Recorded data
::::::::::
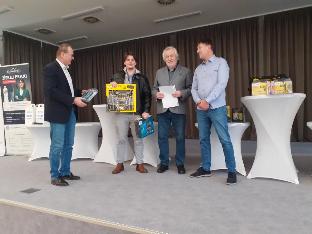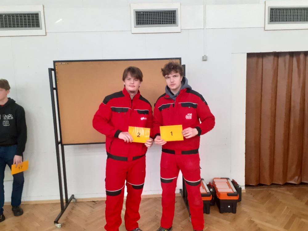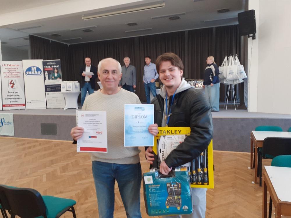 Za naši školu se soutěže zúčastnil žák třetího ročníku oboru Elektrikář-silnoproud Adam Semenec a poprvé v historii našich účastí na této soutěži i žák druhého ročníku Matěj Dvořák s pedagogickým doprovodem učitele odborného výcviku Jaroslavem Mansfeldem.
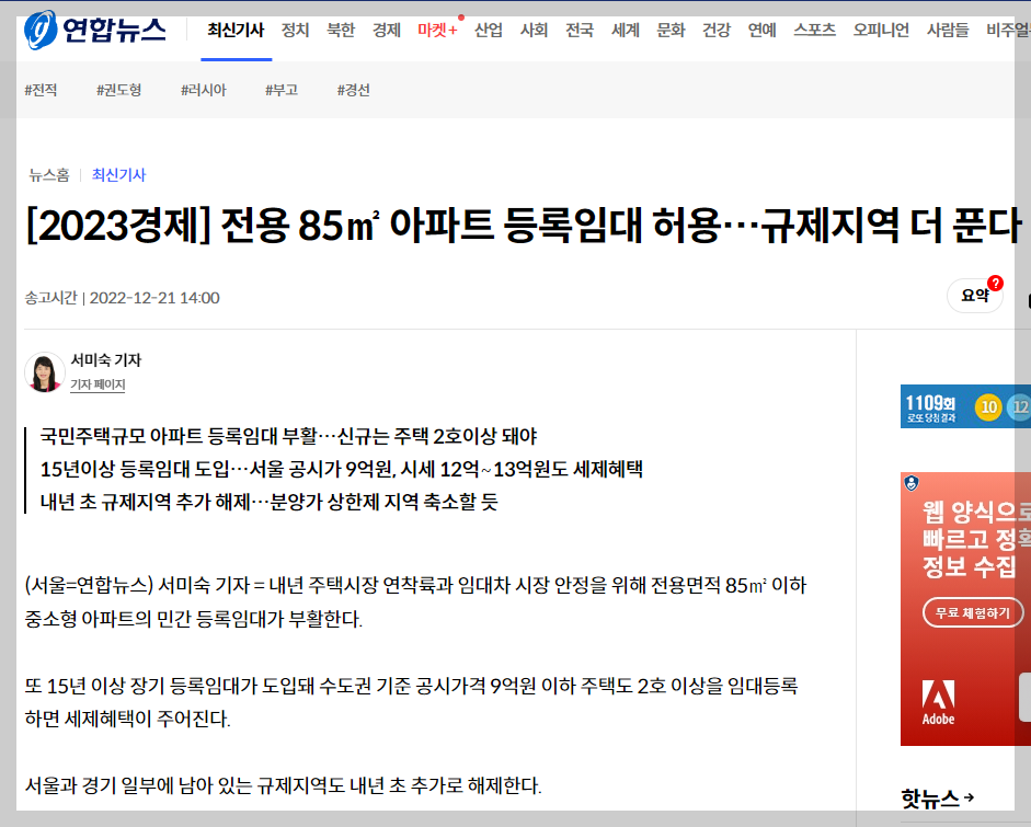 수도권 부동산 경기가 엄청 침체되어있었던 2022년 말쯤 아파트도 국민평수 이하는 민간임대사업자 등록으로 혜택을 받을 수 있도록 국토부가 부활시킬 예정이라는 경제신문을 본 적이 있는데, 이후로 그에대한 언급이 없어서 직접 확인해보았습니다. 먼저 그당시 배포되었던 주요 언론사 기사를 살펴보겠습니다.
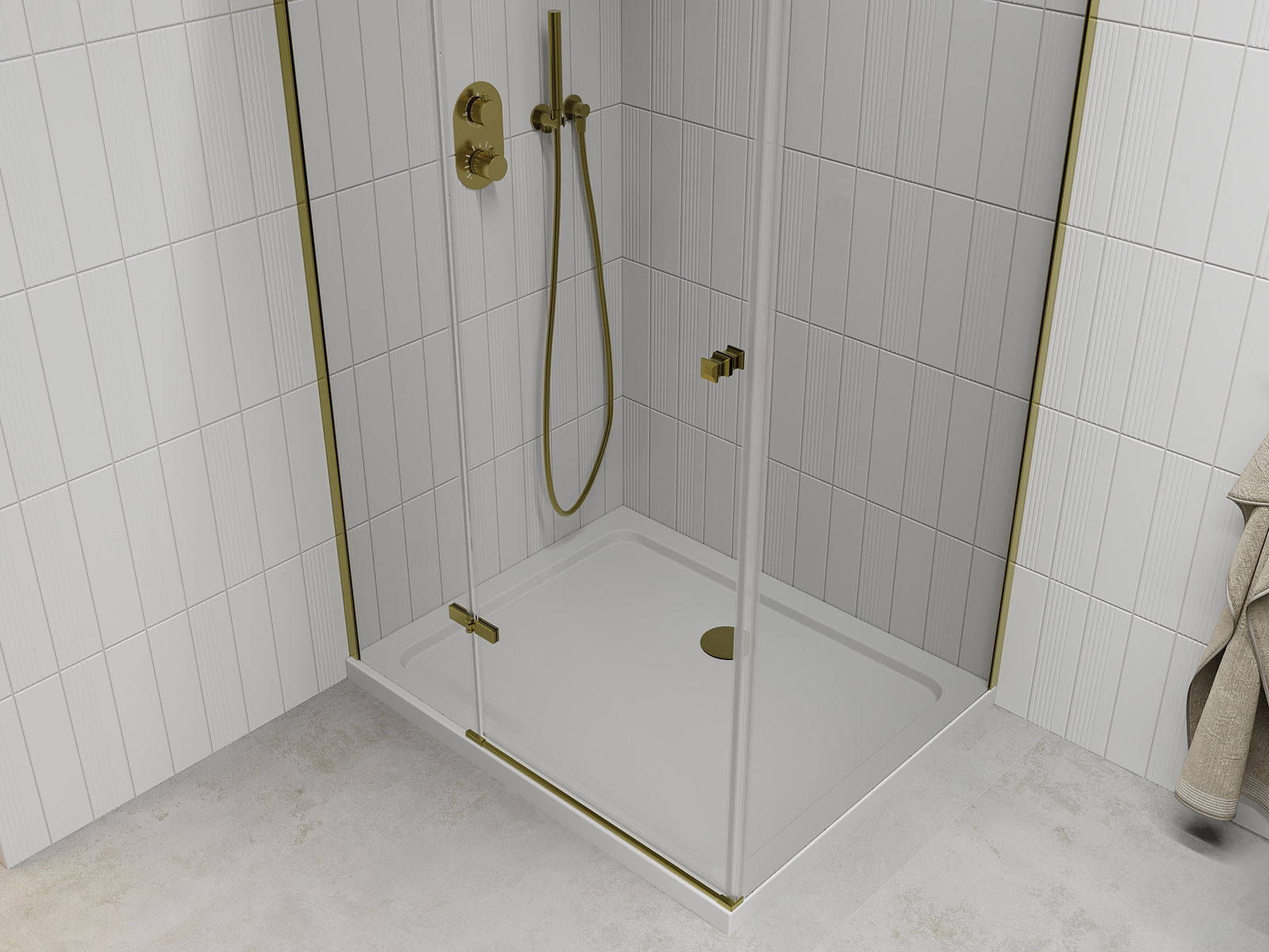 Mexen Roma cabine de douche pivotante 80 x 100 cm, transparent, or + receveur plat - 854-080-100-50-00-4010
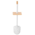 Perie WC cu rezervor detasabil si capac, din metal si bambus, 40 cm, alb
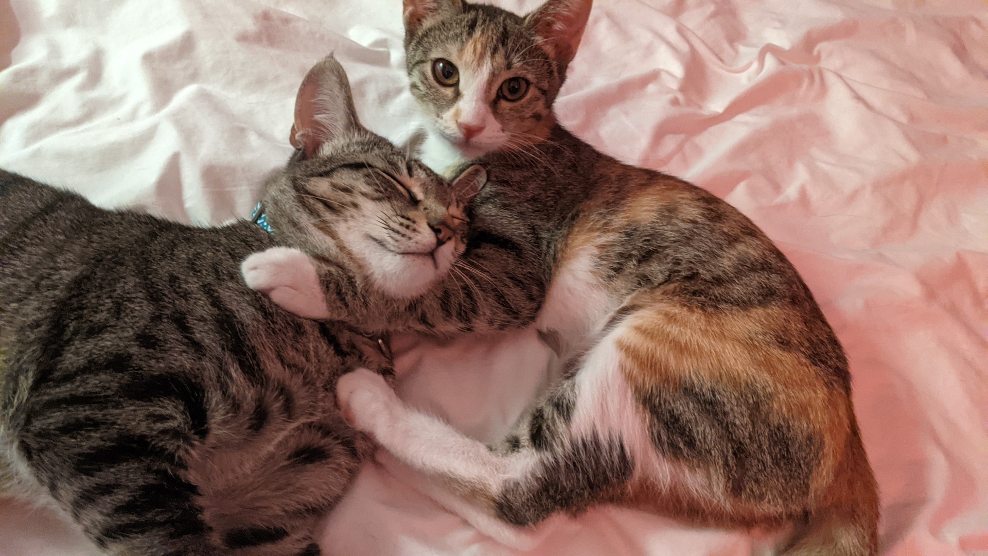 Two kittens cuddled on a bed. The smaller orange and brown one is looking up at the camera, in the middle of licking the larger striped kitten's head, which she is holding. The bigger kitten has his eyes closed and is practically smiling.
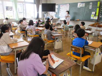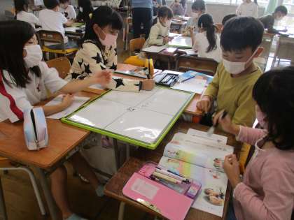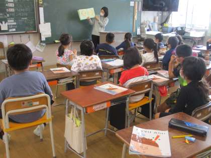 3時間目の2年生です。学年で道徳の学習を同じ時間におこなっています。
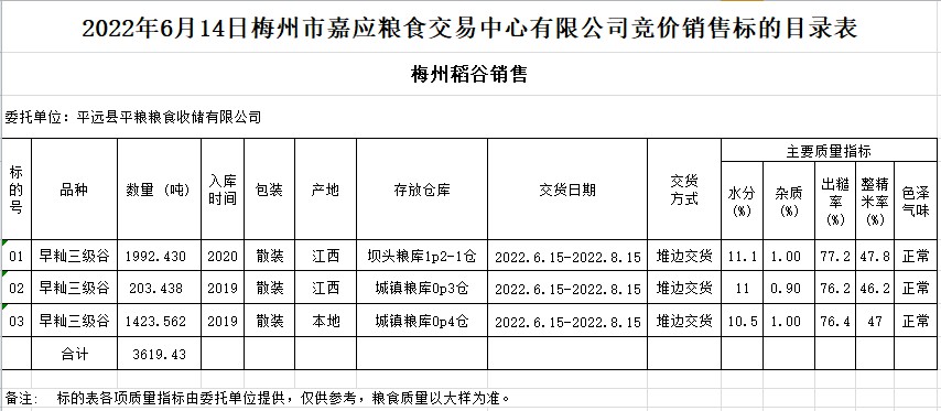 受客戶委托,梅州市嘉應糧食交易中心有限公司定于2022年6月14日(星期二)舉辦糧食競價交易會。平遠縣平糧糧食收儲有限公司擬銷售2019、2020年早秈稻3619.43噸。
::::::::::
TASK ITEM: From the line containing "Two kittens cuddled" through the last line of the entries, copy each line exactly and only those, skipping all pictures.

RESPONSE BOX:
 Two kittens cuddled on a bed. The smaller orange and brown one is looking up at the camera, in the middle of licking the larger striped kitten's head, which she is holding. The bigger kitten has his eyes closed and is practically smiling.
 3時間目の2年生です。学年で道徳の学習を同じ時間におこなっています。
 受客戶委托,梅州市嘉應糧食交易中心有限公司定于2022年6月14日(星期二)舉辦糧食競價交易會。平遠縣平糧糧食收儲有限公司擬銷售2019、2020年早秈稻3619.43噸。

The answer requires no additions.